Reservoir in Scottish Highlands

Loch Mhòr is a reservoir in the traditional county of Inverness-shire in the Scottish Highlands. Its name literally translates from Scottish Gaelic as "Big Loch". It occupies much of the wide floor of Stratherrick which runs roughly parallel to Loch Ness, around 3 mi to its southeast. A generally shallow body of water 179 m above Loch Ness, Loch Mhòr achieves a depth in excess of 20 m towards its southern end. It is nearly 5 mi in length, with a maximum breadth of 3/4 mi and mean breadth around 1/3 mi. In its middle reaches, a broad and shallow embayment on its southeastern shore contains a scatter of islets. The loch is elongated with a very irregular form, the eastern shore broken up by multiple bays.

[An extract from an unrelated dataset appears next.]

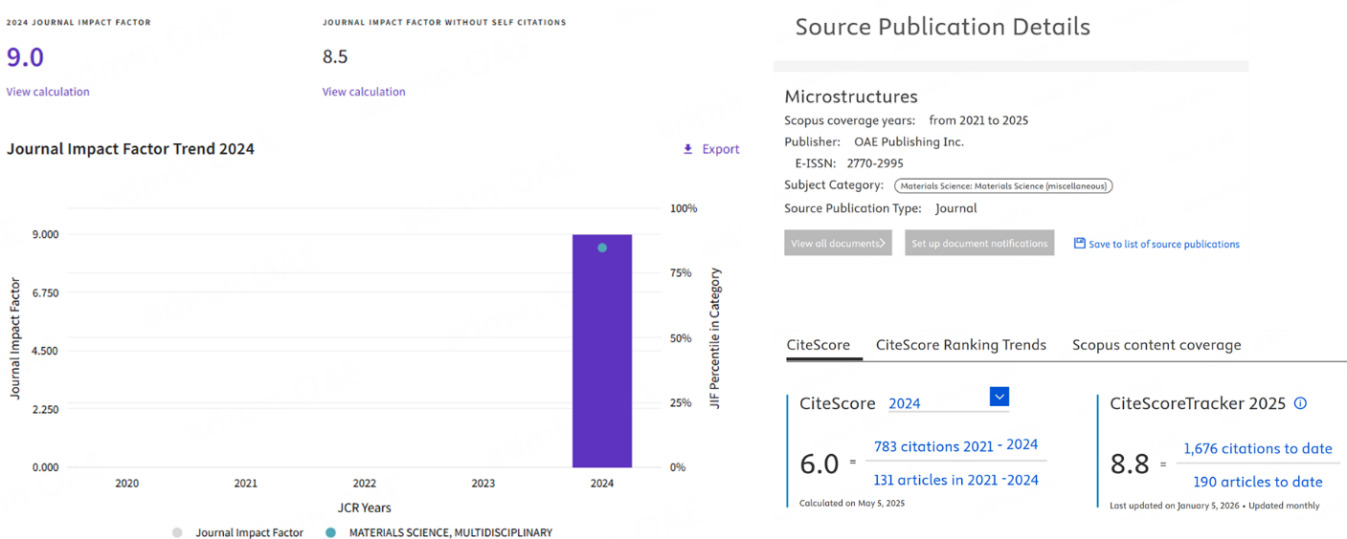 In June 2025, Clarivate Analytics released the 2024 edition of the Journal Citation Reports (JCR). Microstructures received its first Impact Factor (IF) of 9.0, four years after its launch in 2021. The journal ranked 70th out of 460 journals in the category Materials Science, Multidisciplinary, placing it in Q1 (top 16%). During the same period, Scopus released updated CiteScore metrics. Microstructures achieved a 2024 CiteScore of 6.0, rising from 3.1 the previous year. The 2025 CiteScoreTracker reached 8.8 by the end of the year. These metrics indicate a steady increase in the journal's academic visibility and citation performance.
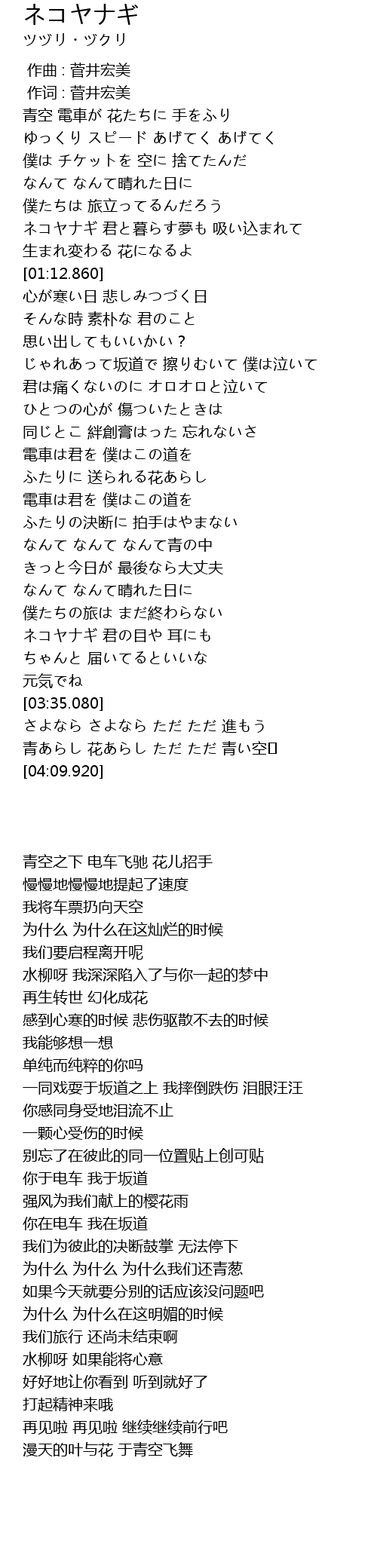 | [00:57.480] | ネコヤナギ 君と暮らす夢も 吸い込まれて |

Loch Mhòr was originally two separate lochs, Loch Garth in the southwest and Loch Farraline in the northeast. The reservoir was formed in 1896 by the construction of two dams, raising the water level by up to 20 ft above the level of Loch Farraline and joining the two lochs into one. This was created for a hydro-electric scheme and associated aluminium smelter at Foyers, although the smelter closed in 1967. Loch Mhòr is divided in the middle by a causeway carrying a minor road. A masonry dam was constructed across the River Gourag, 230 m long and 9 m high. A longer embankment dam was constructed at Garthbeg, 325 m long and 5 m high. This only had a freeboard of 1 m and was known to leak.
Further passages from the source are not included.